[Collection entries]
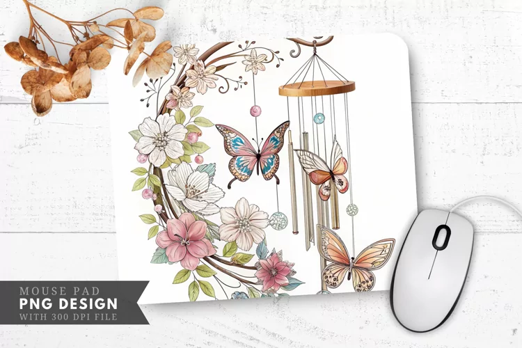 Butterfly Blossom Wind Chime Mouse Pad PNG Design example image 1
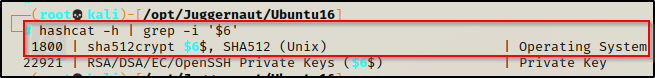 这里告诉我们这是一个 SHA-512 Unix OS 哈希,当我们看到它们看起来像影子文件哈希时,我们已经预料到了 – 因为它们就是!
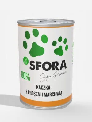 Karma Sfora Kaczka z prosem i marchwią 400g Puszki monobiałkowe!
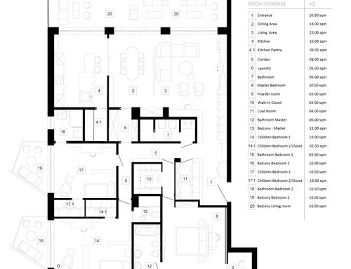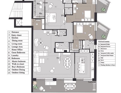 4 = My son's (19 years old) bedroom (internal bathroom and walk-in closet required) with independent terrace.
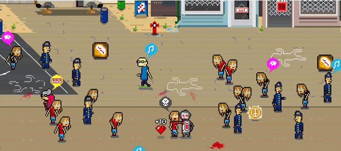 El poco tiempo que he podido dedicarle me basta para deciros que es endiabladamente difícil. Para cada tipo de personaje debes obtener un cebo específico (donuts para policías, «símbolos de la paz» para los hippies) y es tan aleatoria la posición y el tipo de cebo es tan aleatorio que la duración de las partidas suelen verse más determinada por la suerte que tienes que por tu habilidad. Mientras que los policías te dan 30 segundos de vida los hippies tan solo te dan 10 y este tiempo no es acumulable, una vez lo coges es lo que tienes, y a todo esto hay que sumar que chocar con alguien supone unos segundos de parálisis.

**TASK OBJECTIVE**
Reproduce the records word for word, please, from their first line up to and including the line that contains "4 = My son's", but no pictures.

**ANSWER BELOW**
 Butterfly Blossom Wind Chime Mouse Pad PNG Design example image 1
 这里告诉我们这是一个 SHA-512 Unix OS 哈希,当我们看到它们看起来像影子文件哈希时,我们已经预料到了 – 因为它们就是!
 Karma Sfora Kaczka z prosem i marchwią 400g Puszki monobiałkowe!
 4 = My son's (19 years old) bedroom (internal bathroom and walk-in closet required) with independent terrace.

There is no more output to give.